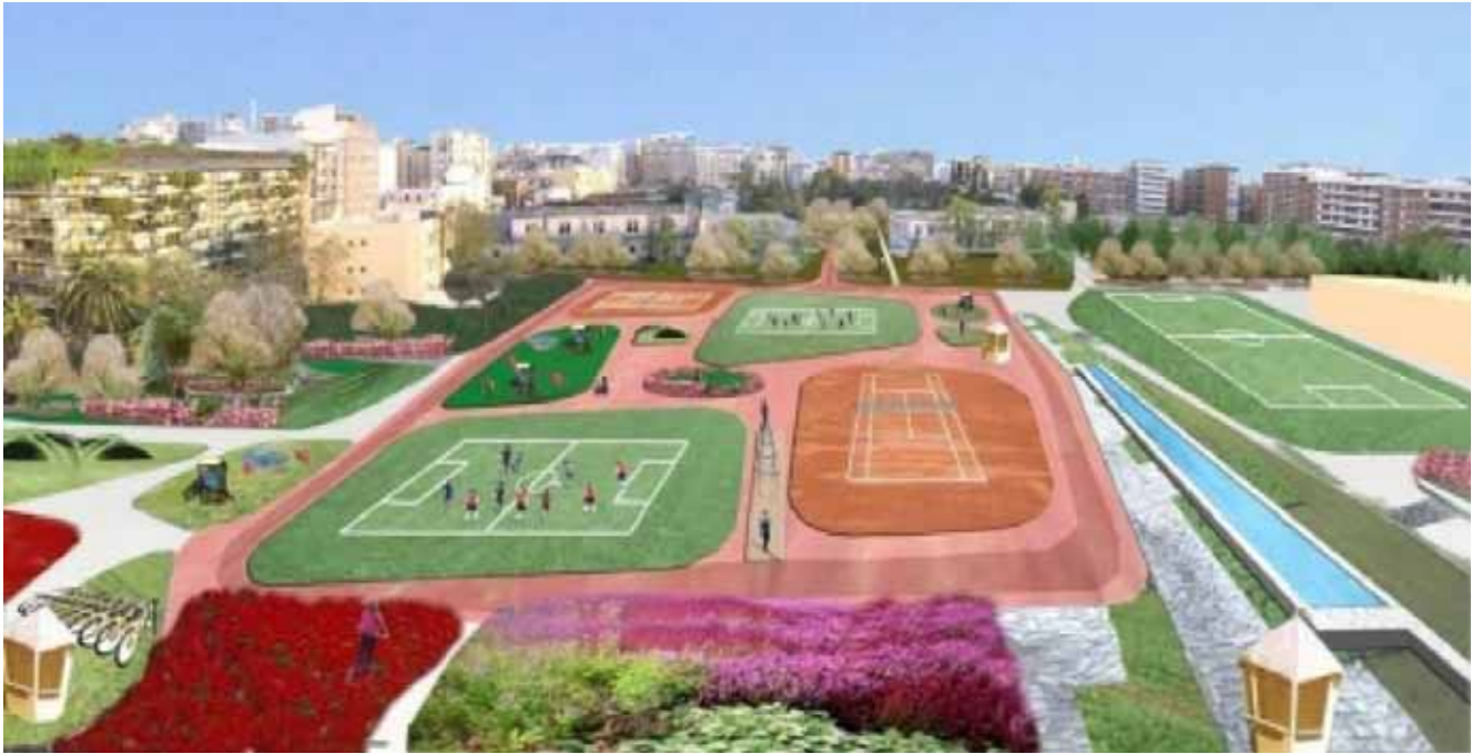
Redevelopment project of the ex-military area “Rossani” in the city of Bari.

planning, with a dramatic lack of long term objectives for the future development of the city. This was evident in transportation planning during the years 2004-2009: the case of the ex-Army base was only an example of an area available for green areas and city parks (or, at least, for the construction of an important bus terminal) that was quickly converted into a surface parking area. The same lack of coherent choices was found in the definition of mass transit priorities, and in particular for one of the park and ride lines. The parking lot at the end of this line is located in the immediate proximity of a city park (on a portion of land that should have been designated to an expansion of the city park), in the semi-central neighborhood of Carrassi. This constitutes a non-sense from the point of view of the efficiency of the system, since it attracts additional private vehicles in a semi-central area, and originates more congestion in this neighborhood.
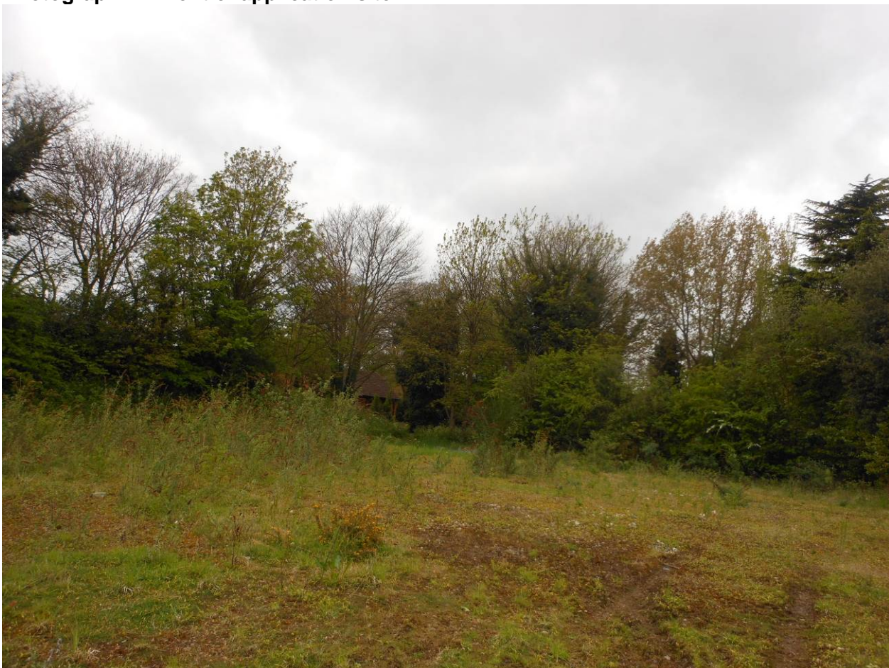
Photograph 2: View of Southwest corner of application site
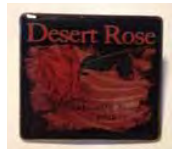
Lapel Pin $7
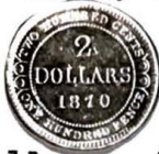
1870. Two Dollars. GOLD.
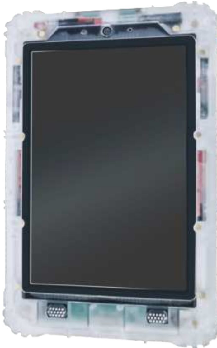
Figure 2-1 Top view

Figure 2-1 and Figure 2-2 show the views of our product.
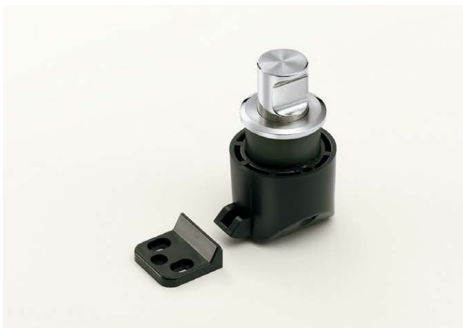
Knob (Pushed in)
========
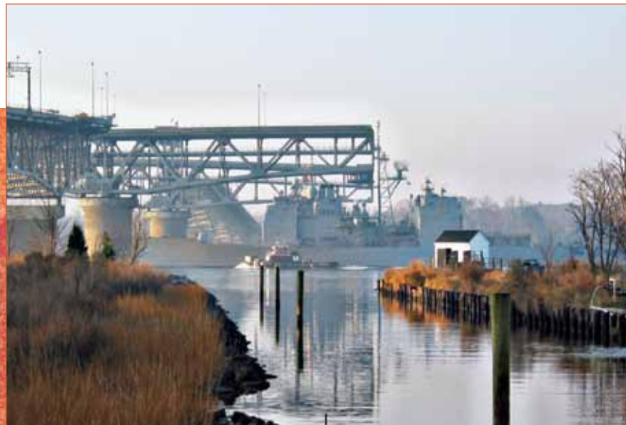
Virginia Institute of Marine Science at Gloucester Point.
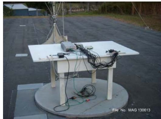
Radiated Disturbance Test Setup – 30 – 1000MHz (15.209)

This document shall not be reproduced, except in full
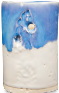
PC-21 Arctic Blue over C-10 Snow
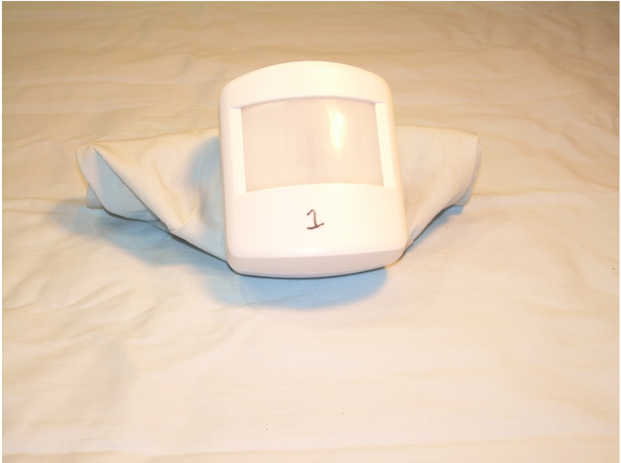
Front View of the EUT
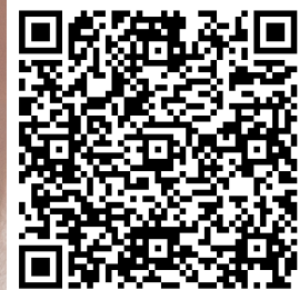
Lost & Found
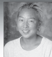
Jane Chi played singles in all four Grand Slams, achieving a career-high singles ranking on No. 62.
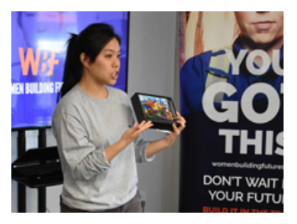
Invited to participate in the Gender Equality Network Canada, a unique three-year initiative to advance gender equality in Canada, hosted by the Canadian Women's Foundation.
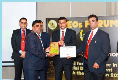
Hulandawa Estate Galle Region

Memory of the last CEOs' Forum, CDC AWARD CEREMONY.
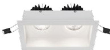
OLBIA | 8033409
========
■ **TASK REQUIREMENTS**
Look above for the line with "PC-21 Arctic Blue over C-10 Snow", then print it and each line after it down to and including the line with "OLBIA | 8033409". Leave out the pictures and keep the wording exact.

■ **PROBLEM SOLUTION**
PC-21 Arctic Blue over C-10 Snow
Front View of the EUT
Lost & Found
Jane Chi played singles in all four Grand Slams, achieving a career-high singles ranking on No. 62.
Invited to participate in the Gender Equality Network Canada, a unique three-year initiative to advance gender equality in Canada, hosted by the Canadian Women's Foundation.
Hulandawa Estate Galle Region

Memory of the last CEOs' Forum, CDC AWARD CEREMONY.
OLBIA | 8033409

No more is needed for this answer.